Jim Briskin said, 'He's one of the races of pre-humans.'
'He's of the Paleoanthropic wing of primate evolution,' Dillingsworth said. 'I'd guess
Sinanthropus, a rather high form of Pithecanthropi, or Peking man, as he is called. Notice the low vault of the skull, the very heavy brow ridge which runs unbroken across the forehead above the eyes. The chin is undeveloped. These are simian features, lost by the true line of Homo sapiens.

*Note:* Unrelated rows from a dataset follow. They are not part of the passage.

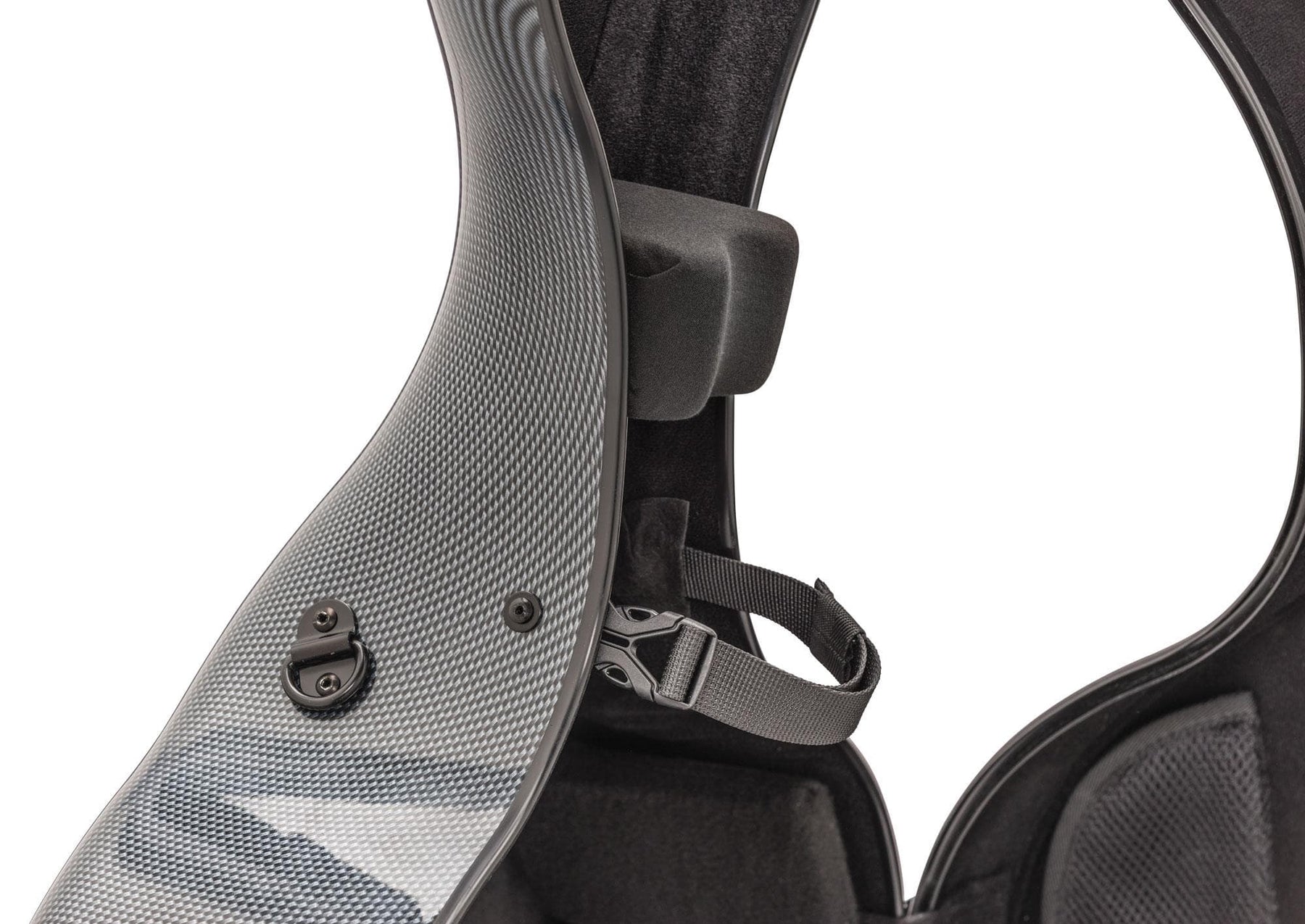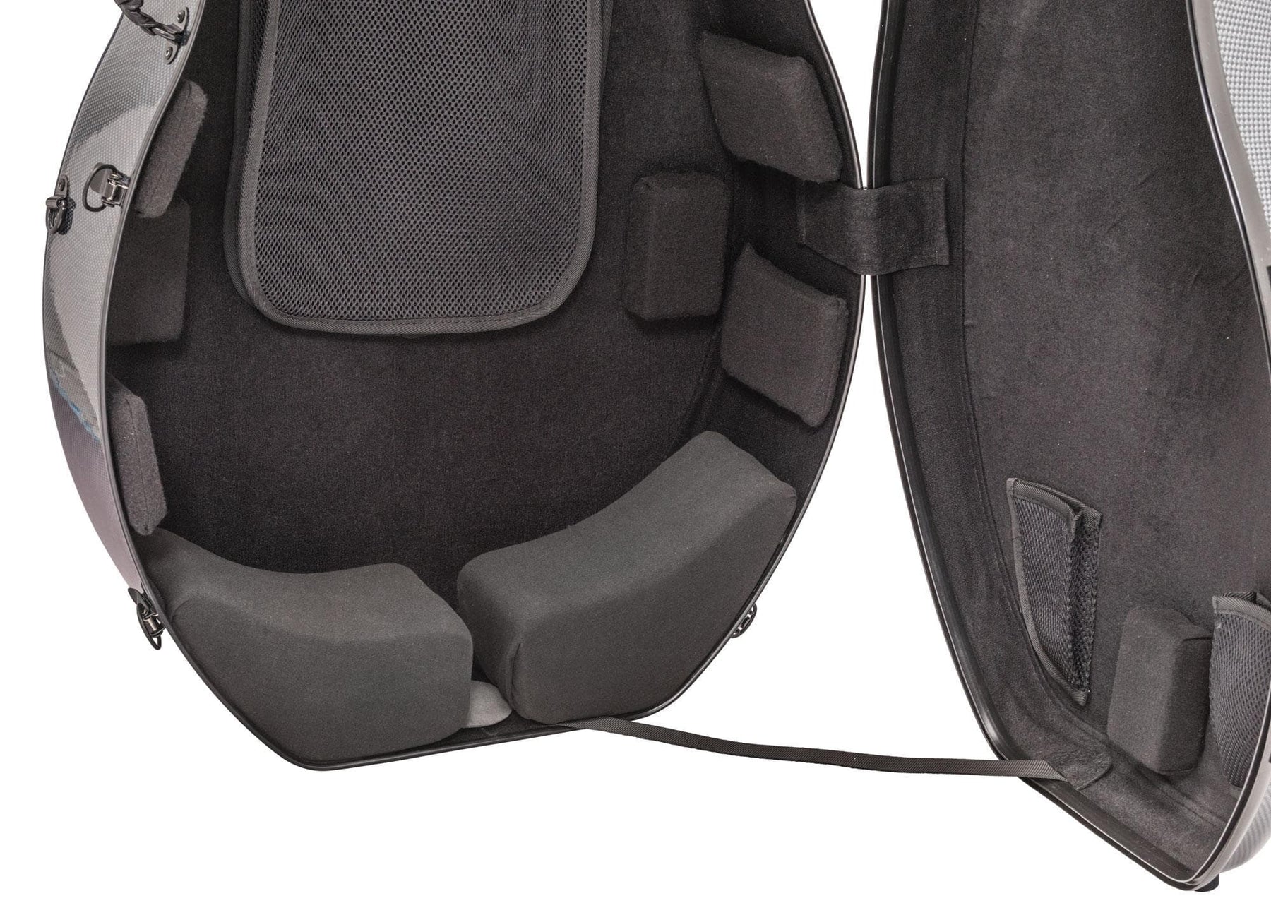 The SL Super Light Carbon Composite is now available for Montagnana pattern cellos! Strong and protective carbon hybrid shell cradles your cello. Black cloth interior, with built-in music folio and accessory pocket for a set of strings or rosin. D-rings are located so they will work with most aftermarket backpack carrying cushions, such as the Shar Backpack System.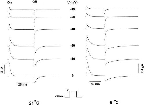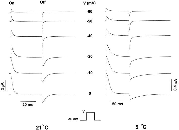Figure 7. Temperature effects on the time course of gating currents. Unsubtracted family of gating currents from shH4ir-W434F obtained at 21 and 5°C elicited in responses to variable test pulses (V). Holding potential was −90 mV. The test pulses were 40- and 80-ms long at 21 and 5°C, respectively. Postpulses were 40- and 240-ms long at 21 and 5°C, respectively. Data obtained at 21°C was filtered at 2 kHz and digitized every 70 μs. Data obtained at 5°C was filtered at 2.5 kHz and digitized every 190 μs. Notice the large effect of temperature in the kinetics of the Off response of gating currents, particularly at depolarized potentials. |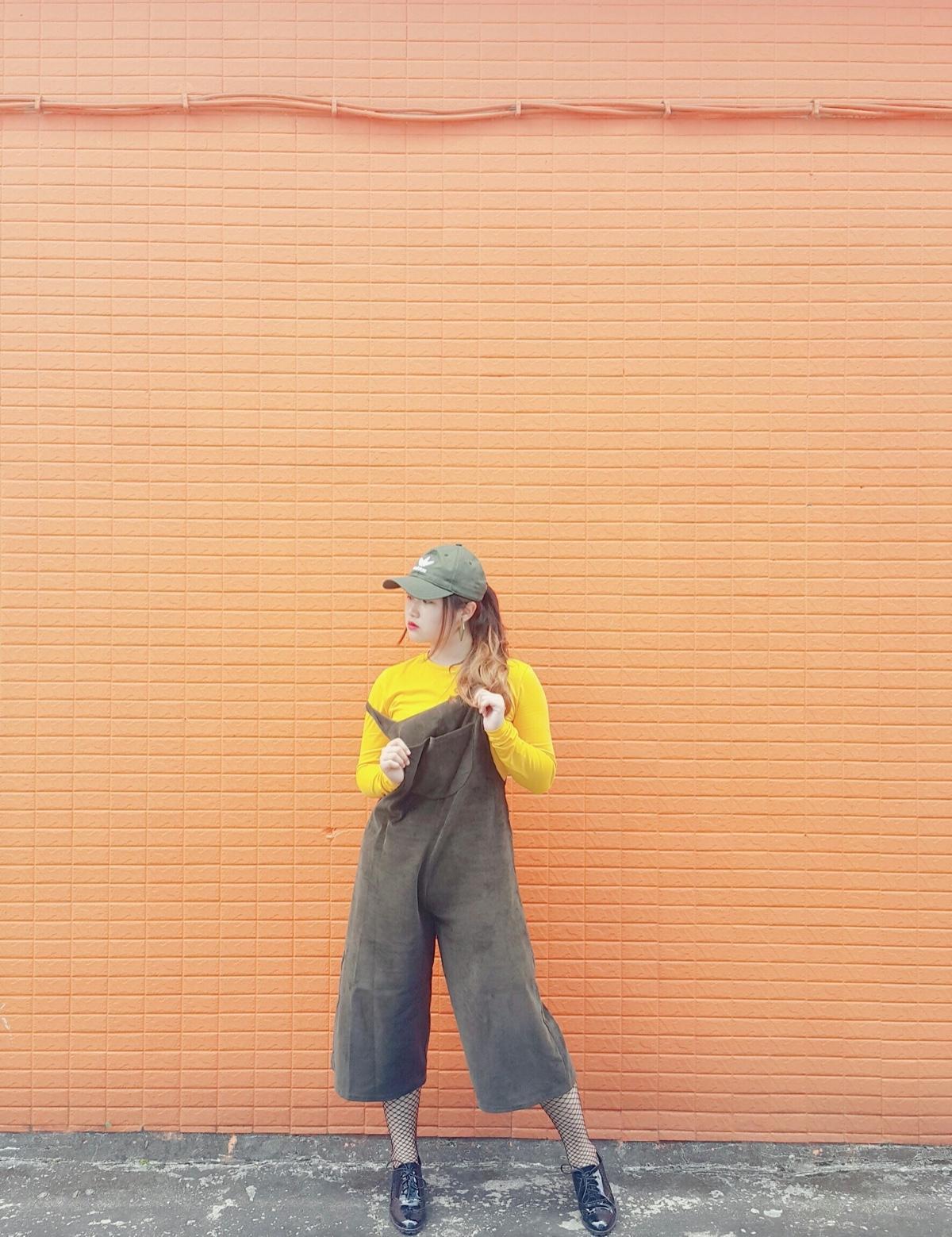 前幾次的墨綠吊帶褲,配上黃色的打底衣,也是很好看❤️ (網襪有修腿的效果呢☺️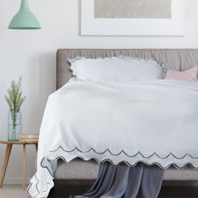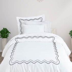 Fanning out along the Mediterranean coast, Frances scenic southeastern region is famous for its fields of lavender. Inspired by its beauty, Provence Lavender is a sea of cool, silvery greys flecked with dashes of lavender. This luxurious bed linen is woven from 100% extra-long staple cotton and looks equally at home in Provences rustic hillsides or the bustling metropolis of Paris. · Jacquard. 100% extra-long staple cotton. 350 thread count. · Duvet Cover: Backed in Capri Storm Grey or pattern overall. Subtle vertical stripes. Knife edge. Seam Zipper. · Shams: Knife edge with 1/8" self pipin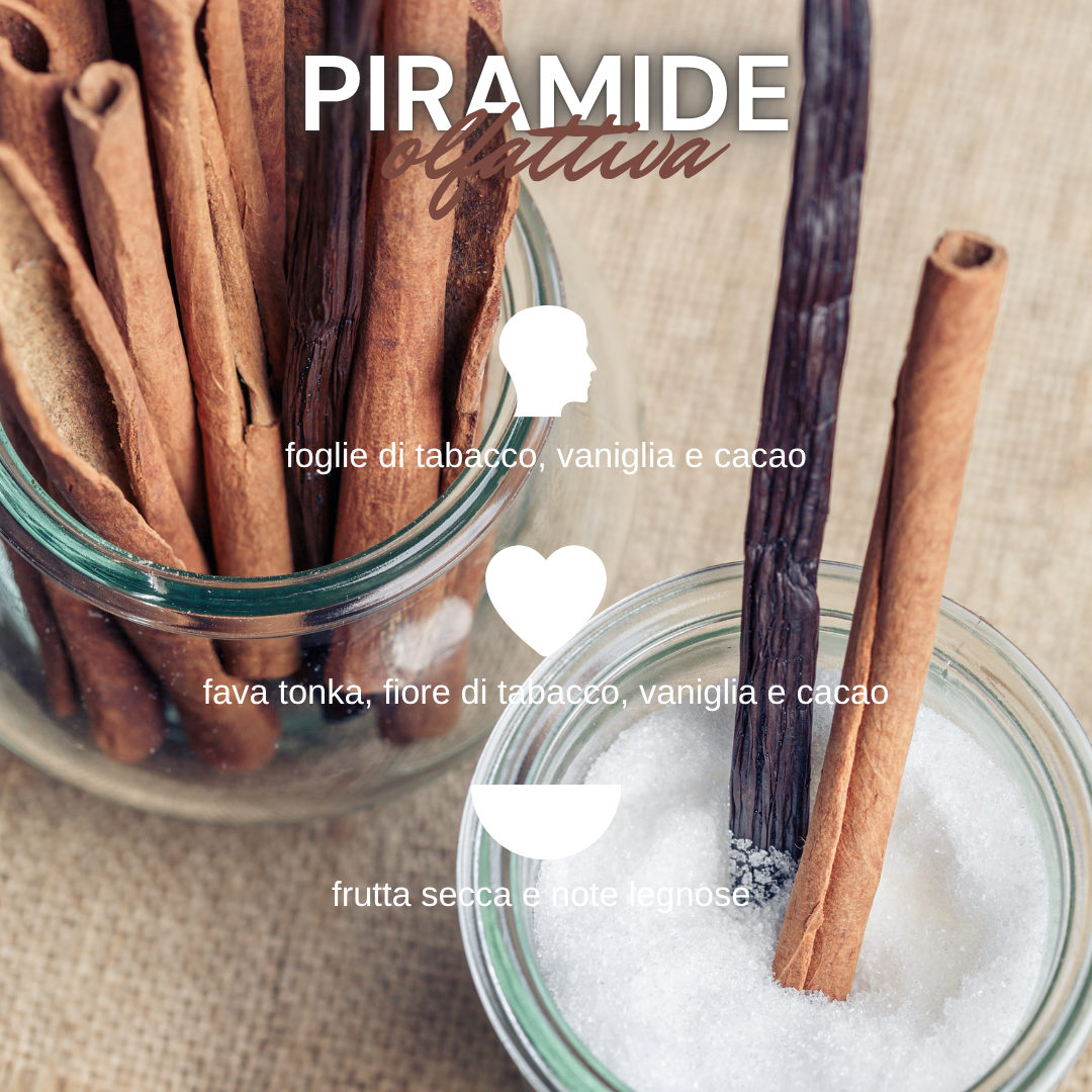 L'apertura intensa di foglie di tabacco si fondono con un cuore di vaniglia e cacao.

The brain capacity, however, is reasonably large, almost as great as our own. Needless to say, the teeth are quite different from our own.' He added, 'In our world, this branch of primate evolution came to an end in the Lower Pleistocene, about a million and a half years ago.'
'Have we ... gone back in time ?' the Kansas City businessman asked.
'No,' Dillingsworth said irritably. 'Not one week. Evidently here Homo sapiens either did not appear at all or for some reason did not win out. And Sinanthropus became the dominant species.
As in our world we are.'
Frank Woodbine said, 'Yes, I thought he stooped. That one who jumped out of the glider yesterday.' His voice shook.